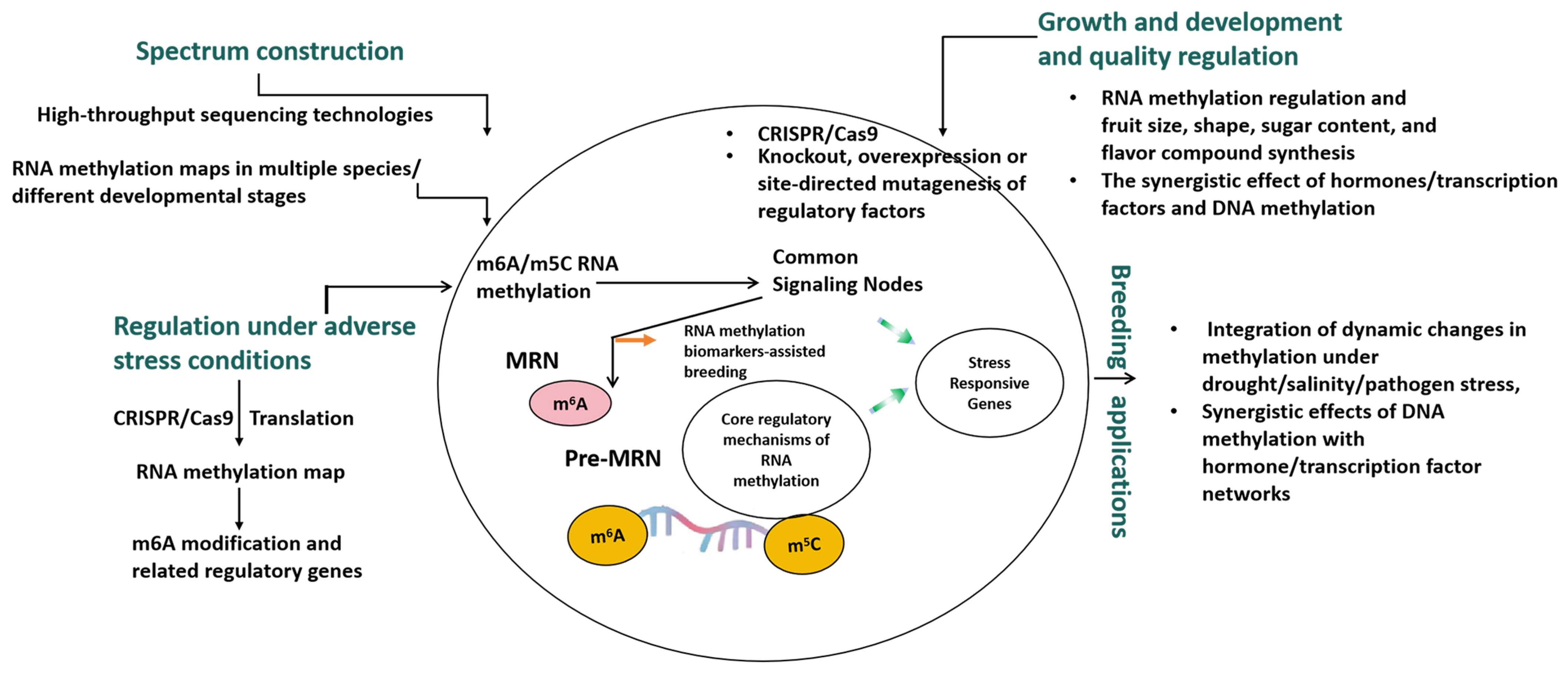 The second is the functional validation and genetic manipulation of RNA methylation regulation mechanisms. There is an urgent need to develop efficient genetic transformation and regeneration systems for different Cucurbiaceae species to facilitate the wide application of gene editing tools such as CRISPR/Cas9 for precise knockout, overexpression, or site-directed mutagenesis of specific RNA methylase (writer), demethylase (eraser), and binding protein (reader) genes—to systematically explore the specific functions of these regulatory factors in the growth and development, fruit quality formation, and stress resistance of cucurbitaceae plants.
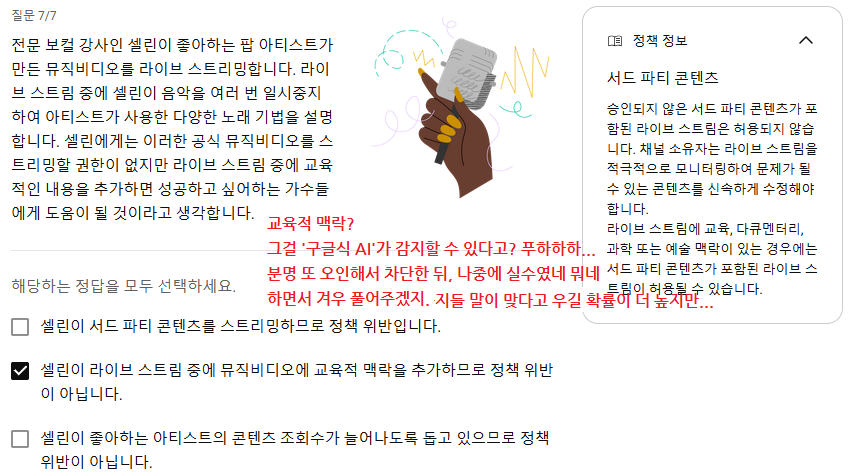 애초에 '교육적 맥락'을 '구글식 AI'가 감지할 수는 있을까? 푸하하하... 분명 또 오인해서 차단한 뒤, 나중에 실수였네 뭐네 하면서 겨우 풀어주겠지. 하지만 그런 경우보다는, 그냥 지들 말이 맞다고 우길 확률이 더 높다.
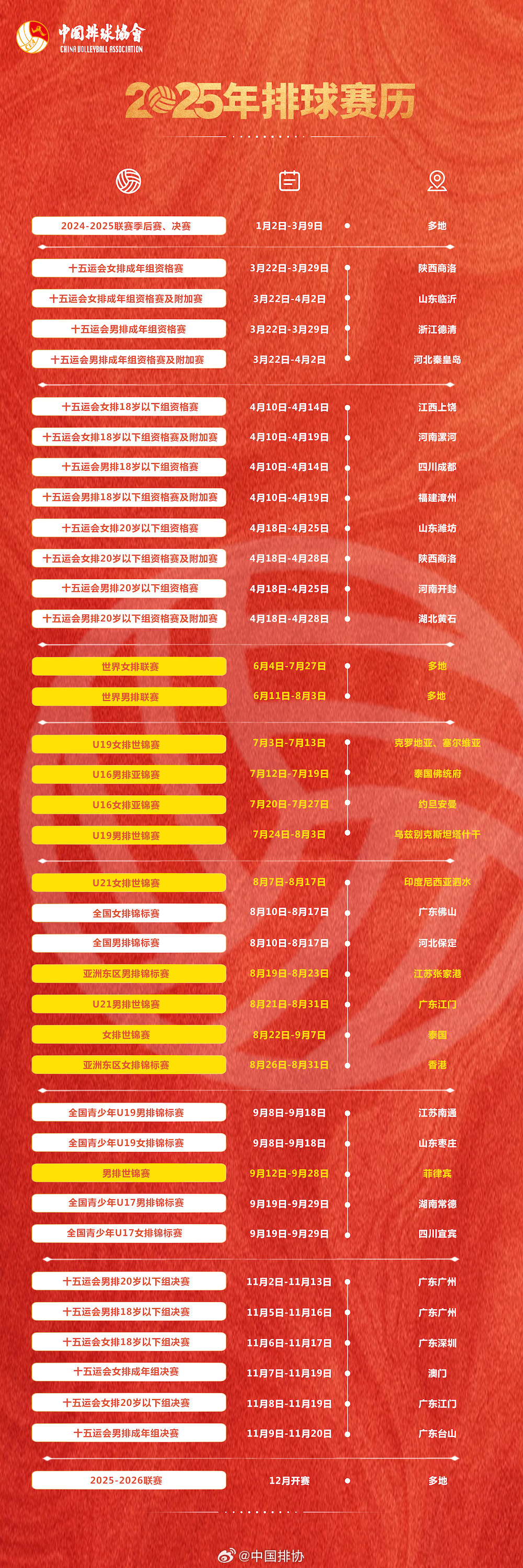 2024-2025赛季中国排球俱乐部超级联赛在春节之后继续举行。根据赛历,男排和女排联赛将于3月上旬全部结束。3月下旬至4月下旬,十五运会排球项目各个年龄组别的预赛在陕西、山东、浙江等多地打响。8月中旬,全国女排锦标赛落户广东佛山,全国男排锦标赛则在河北保定举行。
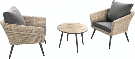 Pīts: pusapaļa polirotangpalma, gluda struktūra Mēbeļu konstrukcija: alumīnijs (nepieciešama vienkārša montāža) Komplekts sastāv no 3 elementiem: 2 x atzveltnes krēsli:
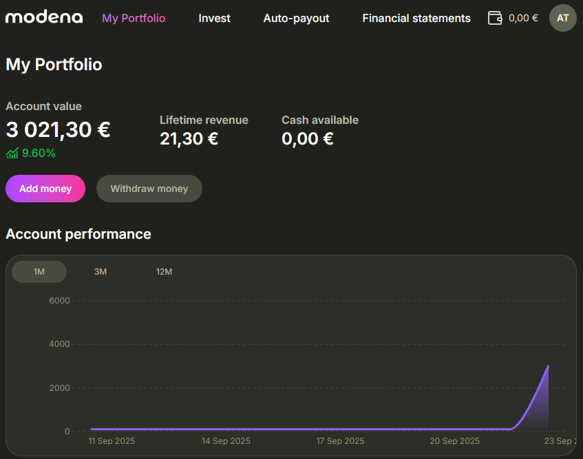 Ich habe 3.000 € zum Start eingezahlt und in Kredite bei Modena investiert.

════

Retype, without any picture, exactly the lines from the one with "Pīts: pusapaļa polirotangpalma, gluda" through the end of the entries, inclusive.

 Pīts: pusapaļa polirotangpalma, gluda struktūra Mēbeļu konstrukcija: alumīnijs (nepieciešama vienkārša montāža) Komplekts sastāv no 3 elementiem: 2 x atzveltnes krēsli:
 Ich habe 3.000 € zum Start eingezahlt und in Kredite bei Modena investiert.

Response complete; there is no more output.